## Data segment
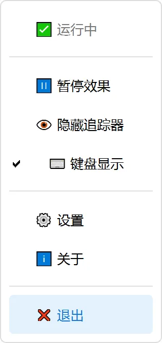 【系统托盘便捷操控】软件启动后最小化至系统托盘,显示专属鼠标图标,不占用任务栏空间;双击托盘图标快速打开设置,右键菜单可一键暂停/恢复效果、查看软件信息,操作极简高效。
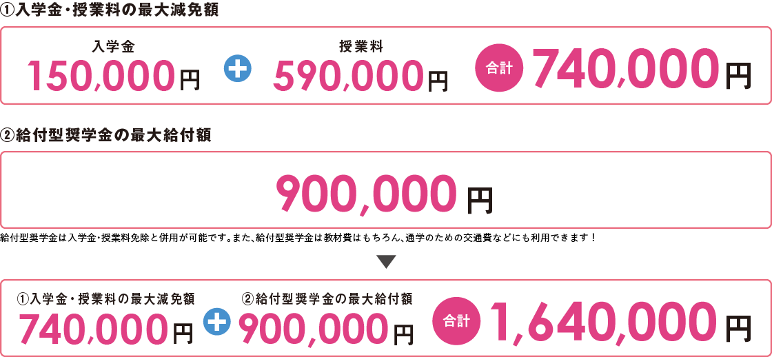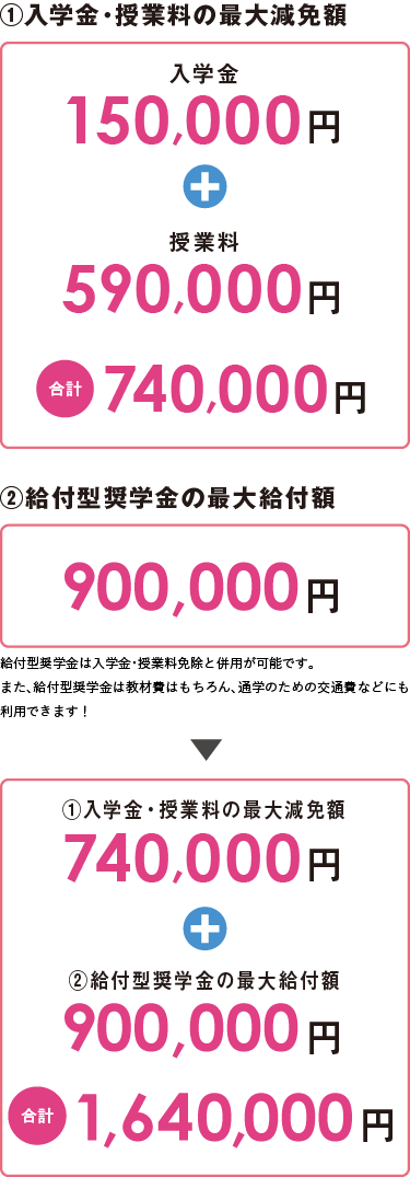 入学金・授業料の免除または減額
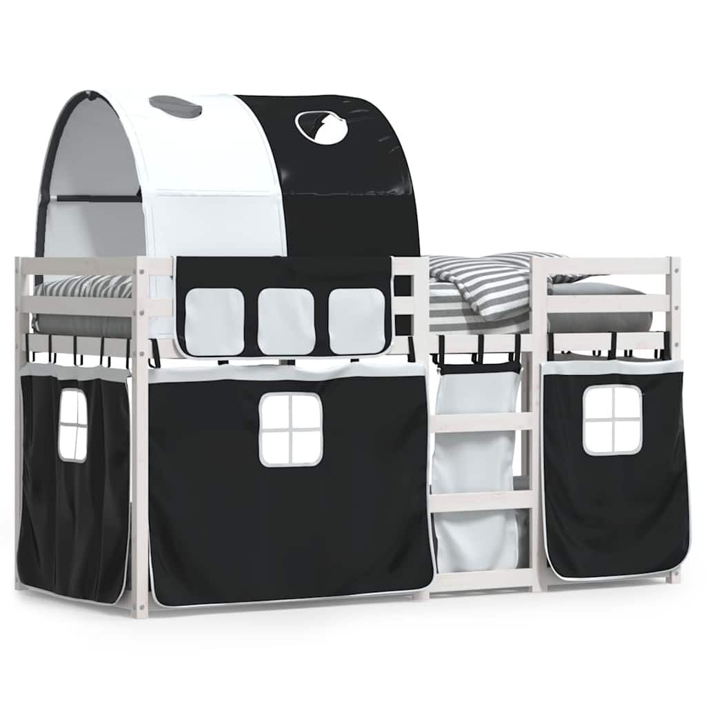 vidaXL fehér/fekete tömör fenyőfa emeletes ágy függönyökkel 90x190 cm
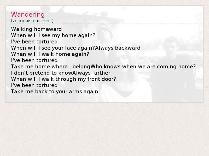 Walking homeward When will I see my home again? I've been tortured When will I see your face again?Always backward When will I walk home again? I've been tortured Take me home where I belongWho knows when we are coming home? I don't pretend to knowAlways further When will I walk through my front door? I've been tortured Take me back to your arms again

## What the exercise asks
Each line from the one containing "vidaXL fehér/fekete tömör" through the last line of the listing must be copied exactly, and the pictures must not be.

## Task answer
 vidaXL fehér/fekete tömör fenyőfa emeletes ágy függönyökkel 90x190 cm
 Walking homeward When will I see my home again? I've been tortured When will I see your face again?Always backward When will I walk home again? I've been tortured Take me home where I belongWho knows when we are coming home? I don't pretend to knowAlways further When will I walk through my front door? I've been tortured Take me back to your arms again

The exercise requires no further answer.